With the release of its debut CD, the Stooges bring its style of funkin’ fun, trombone-heavy, brass from the streets to undoubtedly larger audiences—It’s About Time.
BRASS AND SASS
The Stooges will be one of the—count ’em—19 brass bands settin’ down the groove for the always sassy Krewe du Vieux parade on Saturday, February 7. Themed “Quest for Immorality,” the satirical and sexy procession is a brass band lover’s glory with groups like the Tremé, New Birth, Lil Rascals, Coolbone, Paulin Brothers and many more blowin’ hot on the streets of the Faubourg Marigny and French Quarter. Note that the parade has a new starting point this year on Decatur and Port. It begins at 7 p.m. and ends with the organization’s kickin’ Krewe du Vieux Doo party at the State Palace Theater on Canal Street. The Trombone Shorty Brass Band kicks the night off followed by long, tall Marcia Ball with The Theresa Anderson Group takin’ it into the wee hours. Tickets to the Doo are available at the Louisiana Music Factory.
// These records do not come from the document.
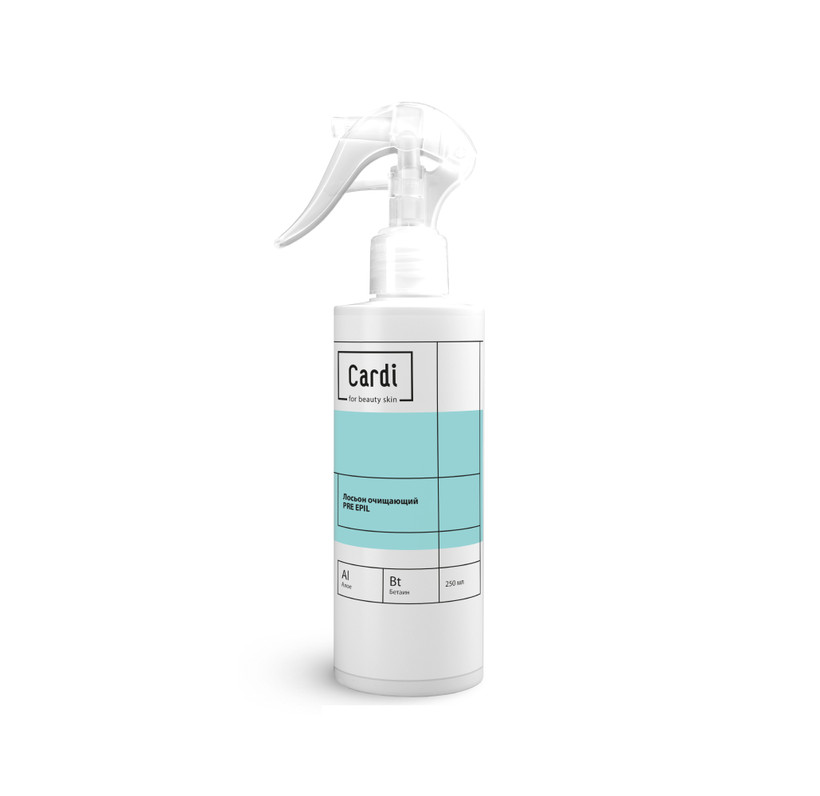 Лосьон PRE EPIL уходовой линейки Cardi – очищающее средство для подготовки кожи к процедуре шугаринга и ваксинга. Мягко воздействует: дезинфицирует, обезжиривает и предупреждает появление раздражения и покраснения после процедуры депиляции, обеспечивает прилегание пасты и качественный захват волосков, что позволяет провести депиляцию быстро и с первого раза. Подходит для использования на деликатных зонах и больших участках кожи. Он обезжиривает кожу, не оставляя липкой пленки, и эффективно удаляет загрязнения, не нарушая гидролипидный баланс. Очищающий лосьон предотвращает раздражения и покраснения, делая процесс процедуры более комфортным и менее болезненным. Благодаря своим антибактериальным свойствам, он помогает предотвратить возникновение инфекций. За счёт натурального состава, средство для деликатного очищения увлажняет кожу, предотвращает ее обезвоживание и смягчает ее, укрепляя клеточные мембраны. В результате применения этого продукта кожа становится гладкой, мягкой и эластичной. В составе находятся следующие компоненты: очищенная вода, глицерин, алое вера, изопропиловый спирт, бетаин, парфюм. Лосьон для очищения перед депиляцией PRE EPIL подходит для всех типов кожи и помогает сделать процесс подготовки к процедуре депиляции наиболее комфортным. Следует соблюдать меры предосторожности: 1) только для наружного применения; 2) избегать попадания в глаза; 3) применять для профессионального использования. Хранить в сухом месте при температуре +5 до +25 градусов.
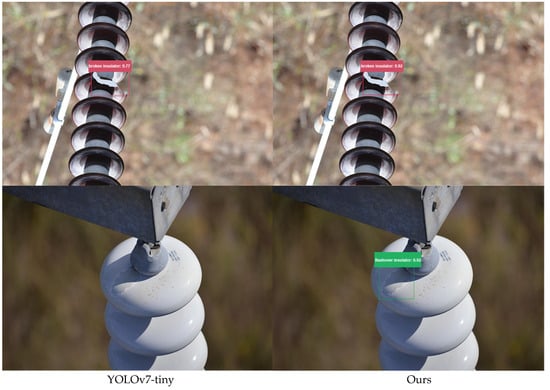 In order to directly test the detection outcomes of the improved OD-YOLOv7-tiny, we randomly selected several images from the test set of our insulator defect dataset, which contained various defects for detection, and conducted a visual comparison with YOLOv7-tiny. Figure 21 illustrates the detection performance of both models in different scenarios. It is evident that the improved OD-YOLOv7-tiny exhibits superior detection capabilities compared to the original YOLOv7-tiny.
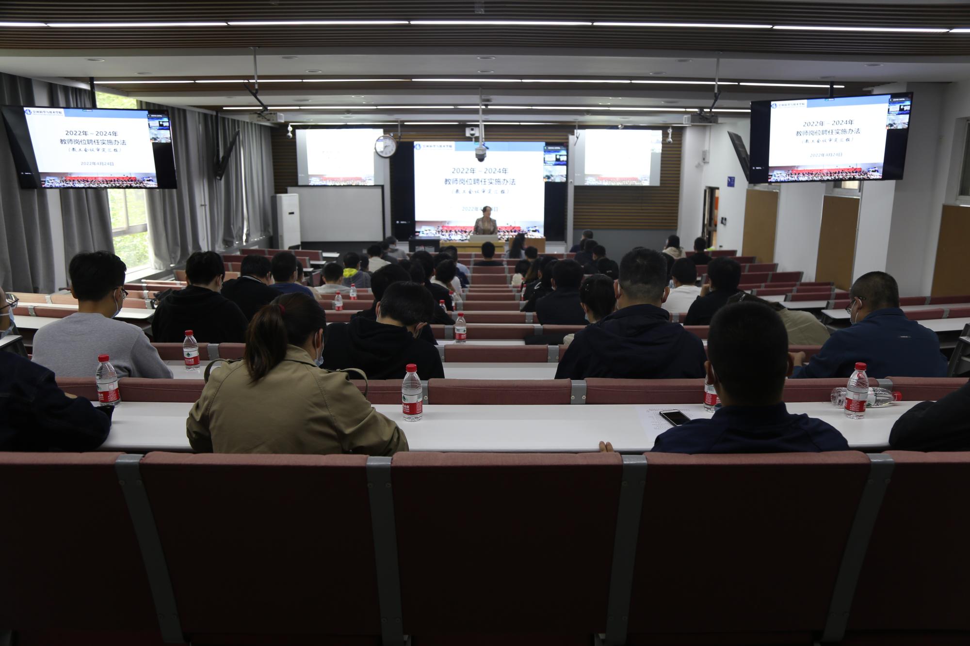 学院副院长姜莉莉从实施办法出台的背景、制定的政策依据、岗位设置的类型、岗位职责的设计等方面对《3044永利集团2022年~2024年教师岗位聘任实施办法》进行了全面介绍和宣讲,对办法出台前后的意见和建议征询情况进行了总结和汇报,办法坚持问题导向、质量导向和发展导向,广泛征求教师意见,总结反思以往工作,认真分析教师特长;围绕立德树人根本任务,将师德师风和教育教学基本素质作为岗位聘任的前置条件和聘期职责的刚性要求;对标十四五发展规划和学科评估指标体系,结合学校对学院的发展定位以及教师对学院的发展期盼,确定聘期职责。办法坚持简单化、宽松化、弹性化原则,设置了聘期考核教学与科研职责互置机制,设置了自选岗位参考职责,积极营建人人尽展其才,人人皆可出彩的教师成长生态氛围。

The Backstreet Cultural Museum, 1116 St. Claude Avenue, celebrates Carnival Day with an open house from 9 a.m. until 6 p.m. It’s a good spot to catch Mardi Gras Indians and other back-of-town Carnival groups—also just a nice place to stop and hang.
Just down the street, the Mother-in-Law Lounge, 1500 N. Claiborne Avenue, is the destination for Big Chief Tootie Montana of the Yellow Pocahontas Indian gang. The 81-year-old Big Chief—the oldest Indian ever to mask—makes his 53rd appearance on the streets and will be coming from his home on North Villere to preside from a platform built in front of the renowned club especially for this purpose. The timing of this event is unpredictable.